# YOUR TASK
Return exactly the lines of the data below, from the one that contains "La scène peinte" through the final line, and leave out every picture.

# MATERIAL PROVIDED
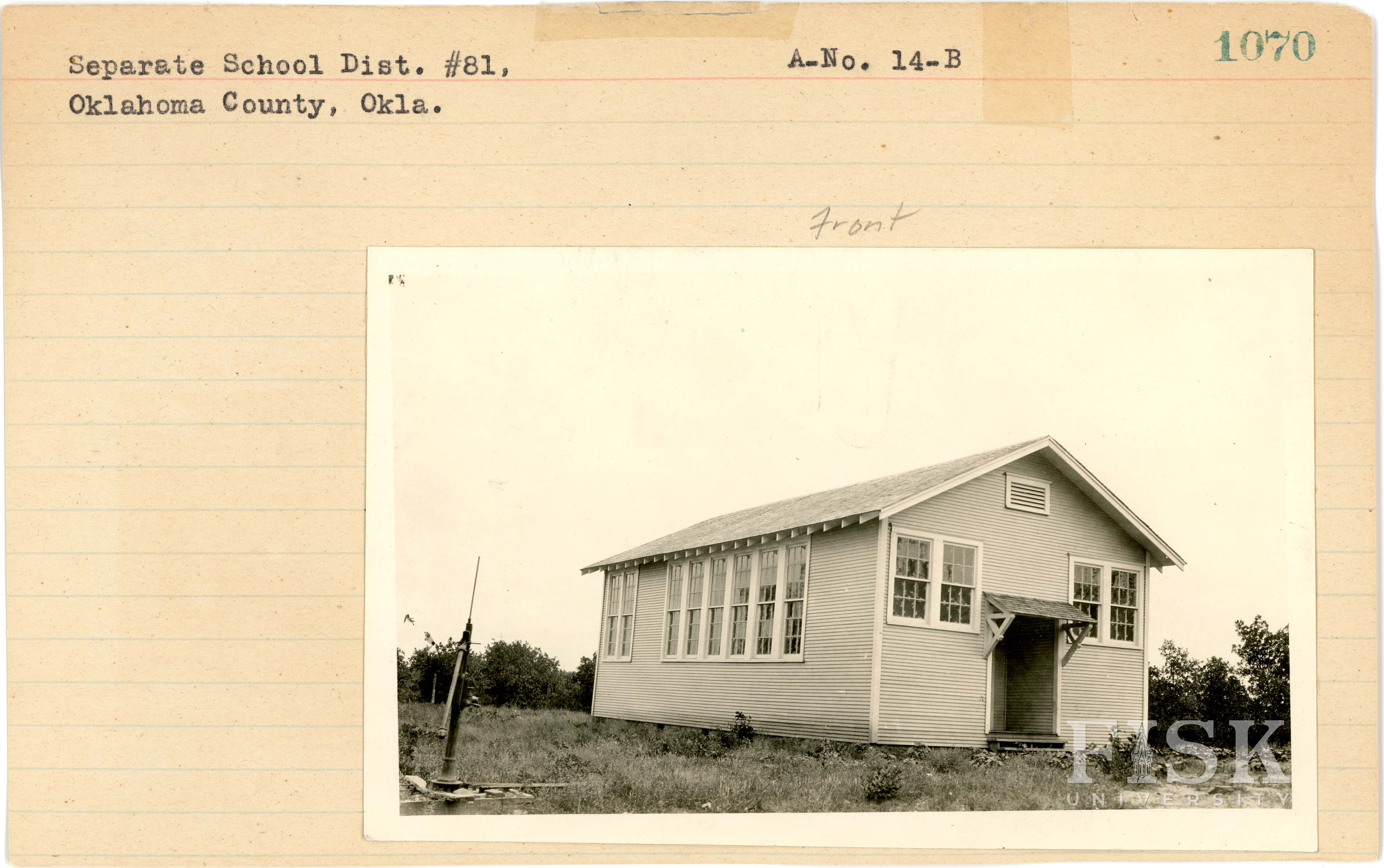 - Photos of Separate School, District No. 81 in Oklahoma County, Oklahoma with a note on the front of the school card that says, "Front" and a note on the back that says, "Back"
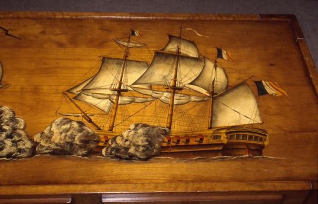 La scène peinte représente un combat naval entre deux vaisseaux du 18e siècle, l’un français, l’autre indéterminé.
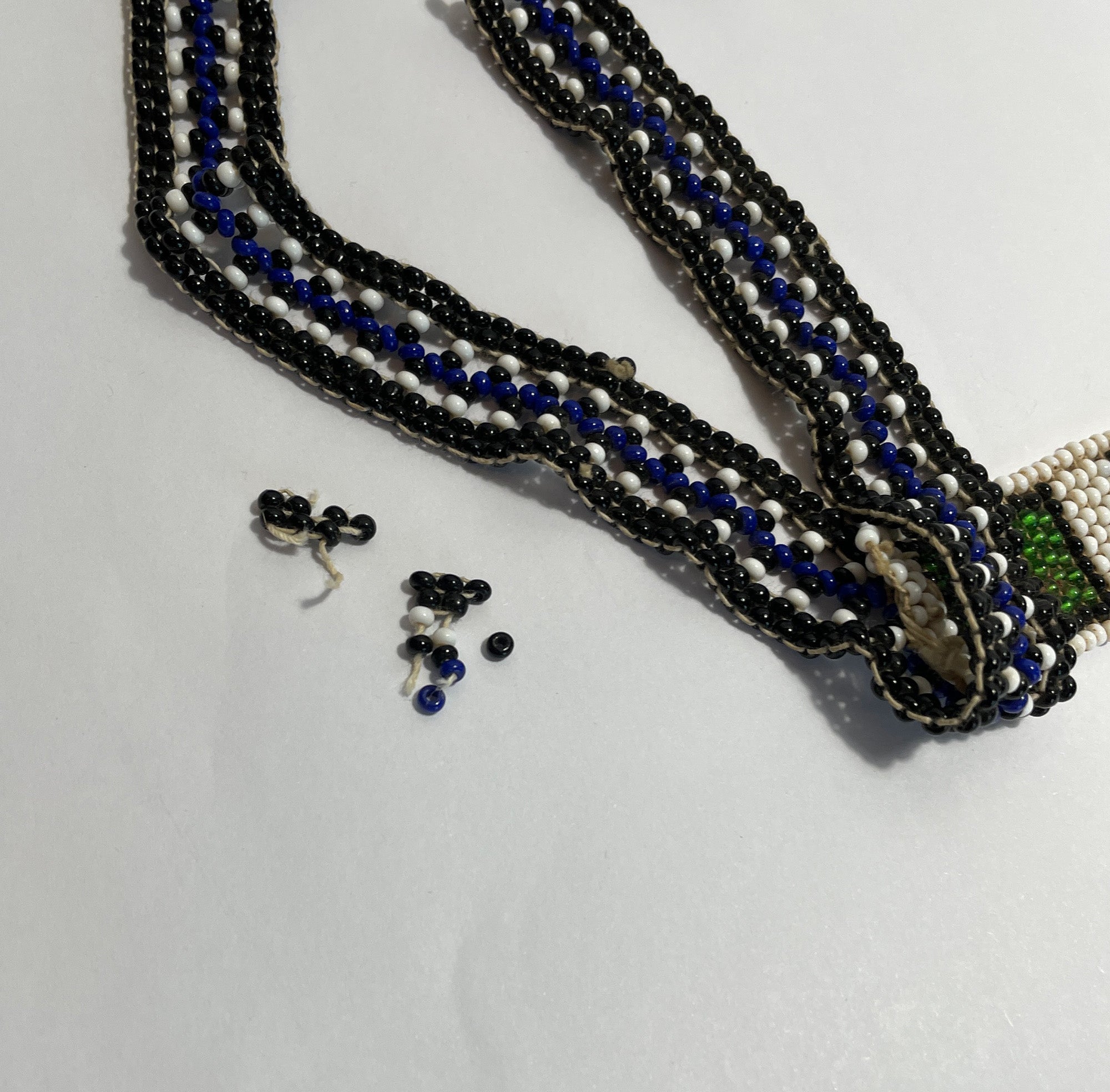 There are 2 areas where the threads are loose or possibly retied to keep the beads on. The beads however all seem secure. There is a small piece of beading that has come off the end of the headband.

# YOUR SOLUTION
 La scène peinte représente un combat naval entre deux vaisseaux du 18e siècle, l’un français, l’autre indéterminé.
 There are 2 areas where the threads are loose or possibly retied to keep the beads on. The beads however all seem secure. There is a small piece of beading that has come off the end of the headband.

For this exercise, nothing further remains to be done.